The other stuff is good to have but ultimately a model that focuses on diagnosing medical conditions is going to be the most useful. Look - we aren't going to replace doctors anytime soon but it is good to have a second opinion from an LLM purely for diagnosis. I would hope it captures patterns that weren't observed before. This is exactly the sort of thing game that AI can beat a human at - large scale pattern recognition.

mrcwinn•1h ago
Happy to see this. I've struggled with an injury for the past five years. I've been to multiple sports-focused physicians, had various scans. Responses from doctors have ranged from "everything seems fine, can't really figure this out" to [completely wrong hypothesis]. Tried acupuncture. Tried a chiropractor. I remember one doctor, though, had an interesting thought that seemed to make sense - but I've been so discouraged from so many false starts or misplaced hope, I didn't bother following up.

Finally I typed in my entire history into o3-deep-research and let it rip for a while. It came back with a theory for the injury that matched that one doctor, diagrams of muscle groups and even illustrations of proposed exercises. I'm not out of the woods yet, but I am cautiously optimistic for the first time in a long time.

Noumenon72•1h ago
I hope recent cuts to government science have managed to hit enough of the safetyists and industry captures who keep us from just trying out new healthcare approaches like this and learning. They'd like nothing better than to replace the help you got with "As a large language model, I am unable to offer medical advice."
candiddevmike•57m ago
Why would you trust a LLM over a battery of human experts? I find it hard to believe that the doctors never proposed exercises or some kind of physical therapy for you, at least in the US.
BeetleB•15m ago
I can't speak to the OP's condition, but having seen plenty of doctors and physical therapists in the US for over a decade:

Yes, they propose exercises.

No, they don't work.

For certain (common) conditions, PT seems to have it nailed - the exercises really help. For the others, it's just snake oil. Not backed by much research. The current state of the art is just not good when it comes to chronic pain.

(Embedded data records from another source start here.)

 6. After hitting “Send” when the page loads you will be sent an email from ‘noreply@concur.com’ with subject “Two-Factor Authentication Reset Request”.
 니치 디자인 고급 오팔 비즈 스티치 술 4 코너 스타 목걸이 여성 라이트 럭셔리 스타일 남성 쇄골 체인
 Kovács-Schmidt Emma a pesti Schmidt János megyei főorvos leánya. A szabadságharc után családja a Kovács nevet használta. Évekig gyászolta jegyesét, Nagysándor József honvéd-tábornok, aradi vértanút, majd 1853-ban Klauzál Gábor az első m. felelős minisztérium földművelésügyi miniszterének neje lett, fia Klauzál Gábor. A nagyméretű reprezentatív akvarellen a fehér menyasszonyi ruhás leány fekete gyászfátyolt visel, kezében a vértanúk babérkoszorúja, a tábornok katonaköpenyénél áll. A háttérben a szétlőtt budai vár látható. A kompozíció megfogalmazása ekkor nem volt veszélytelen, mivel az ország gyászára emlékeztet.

So while I don't know if an LLM can be better than a battery of human experts, I do know that those human experts do not perform well. I'm guessing with the OP's case, that battery of human experts does not lead to a consensus - you just end up with 10 different treatments/diagnoses (and occasionally, one is a lot more common than the other, but it's still wrong).

kypro•49m ago
Why are all the label colours for the "Worst-case HealthBench score at k samples" chart the same colour and the same shape? Completely unreadable.
andy99•40m ago
My sense is that these benchmarks are not realistic in terms of the way the model is used. People building specialized AI systems are not, in my experience, letting users just chat with a base model, they would have some variant of RAG plus some guardrails plus other stuff (like routing to pre-written answers for common question).

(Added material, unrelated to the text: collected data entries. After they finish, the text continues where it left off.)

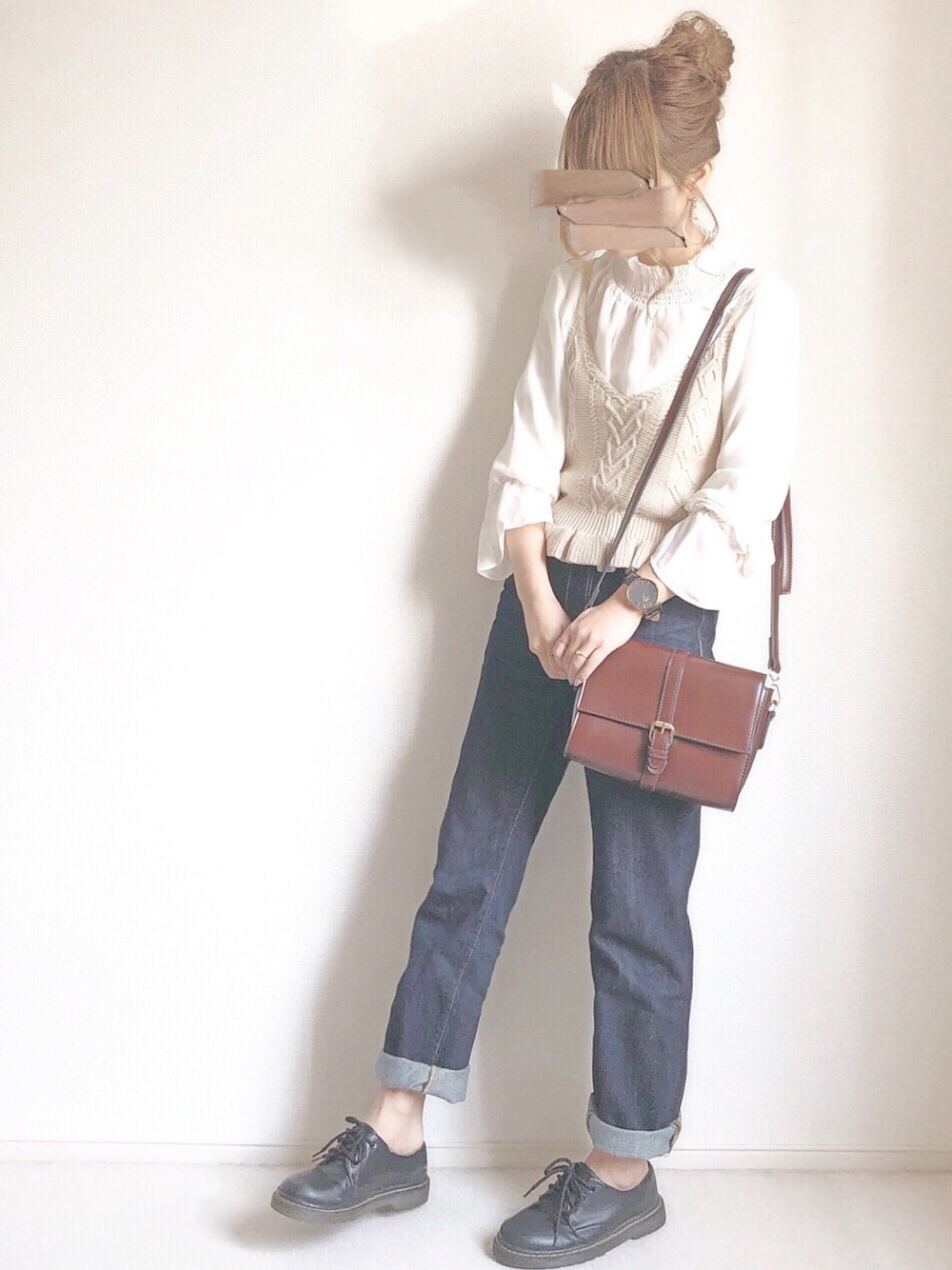 chocoのシャツ/ブラウス「【ZOZO限定アイテム】ニットビスチェ付きフリルネックブラウス」を使ったコーディネート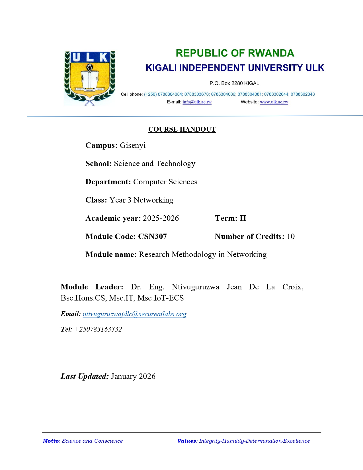 - Lecturer: Dr. Ntivuguruzwa Jean De La Croix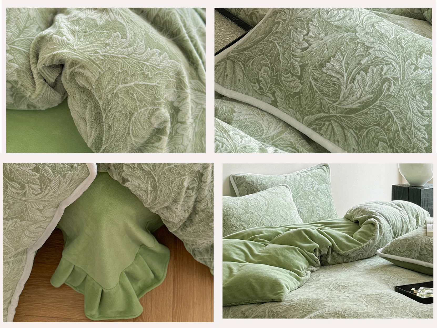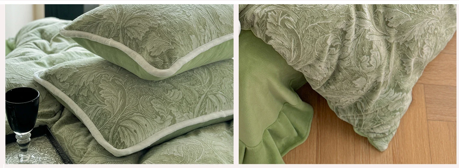 Shaggy Duvet Cover: The tufted floral green king size duvet cover has a 220GSM sculpted velvet fabric on one side, design of the pattern and 3D process present a simple bohemian style. The 200GSM velvet duvet cover on the reverse side creating an effective warmth circulation system that traps heat and ensures your bed stays cozy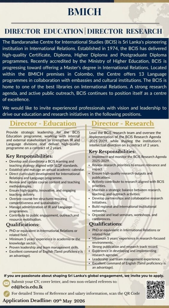 Bandaranaike Centre for International Studies is now hiring for 𝗗𝗶𝗿𝗲𝗰𝘁𝗼𝗿 – 𝗘𝗱𝘂𝗰𝗮𝘁𝗶𝗼𝗻 and 𝗗𝗶𝗿𝗲𝗰𝘁𝗼𝗿 – 𝗥𝗲𝘀𝗲𝗮𝗿𝗰𝗵 positions.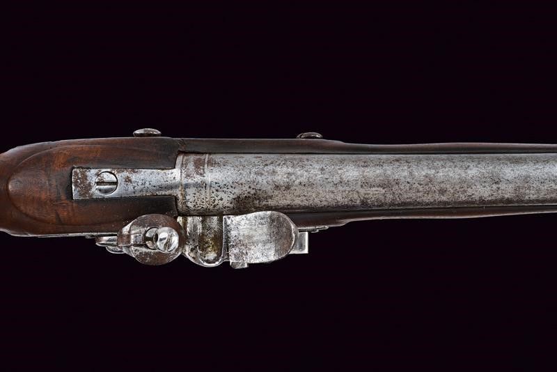 Regno Unito, lunghezza 38,3 cm. Canna tonda liscia con anellatura di rinforzo in culatta, lunga 9', cal. 17,1 mm. in volata. Resti di due punzoni non chiaramente leggibili. Batteria a cartella piana con corona sormontante le iniziali 'GR' (Giorgio III o Giorgio IV), punzone 'broad arrow' sormontato da corona e 'TOWER' sulla codetta. Meccanica funzionante. All'interno 'NM' e '3' sormontato da corona. La meccanica in stato di conservazione migliore rispetto all'esterno. Cassa intera in legno con piccola riparazione sotto alla volata. Fornimenti in ottone. Bacchetta in ferro. Sul tipo del raro '1805 Pattern Short Sea Service'.

So what use case does this test setup reflect? Is there a relevant commercial use case here?

programmertote•20m ago
I have no doubt that a lot of garden-variety diagnoses and treatments can be done by an AI system that is fine-tuned and vetted to accomplish the task. I recently had to pay $93 to have a virtual session with a physician to get prescription for a cough syrup, which I already knew what to take before talking to her because I did some research/reading. Some may argue, "Doctors studied years in med school and you shouldn't trust Google more than them", but knowing human's fallibility and knowing that a lot of doctors do look things up on places like https://www.wolterskluwer.com/en/solutions/uptodate to refresh/reaffirm their knowledge, I'd argue that if we are willing to take the risk, why shouldn't we be allowed to take that risk on our own? Why do I have to pay $93 (on top of the cough syrup that costed ~$44) just so that the doctor can see me on Zoom for less than 5 mins and submit an order for the med?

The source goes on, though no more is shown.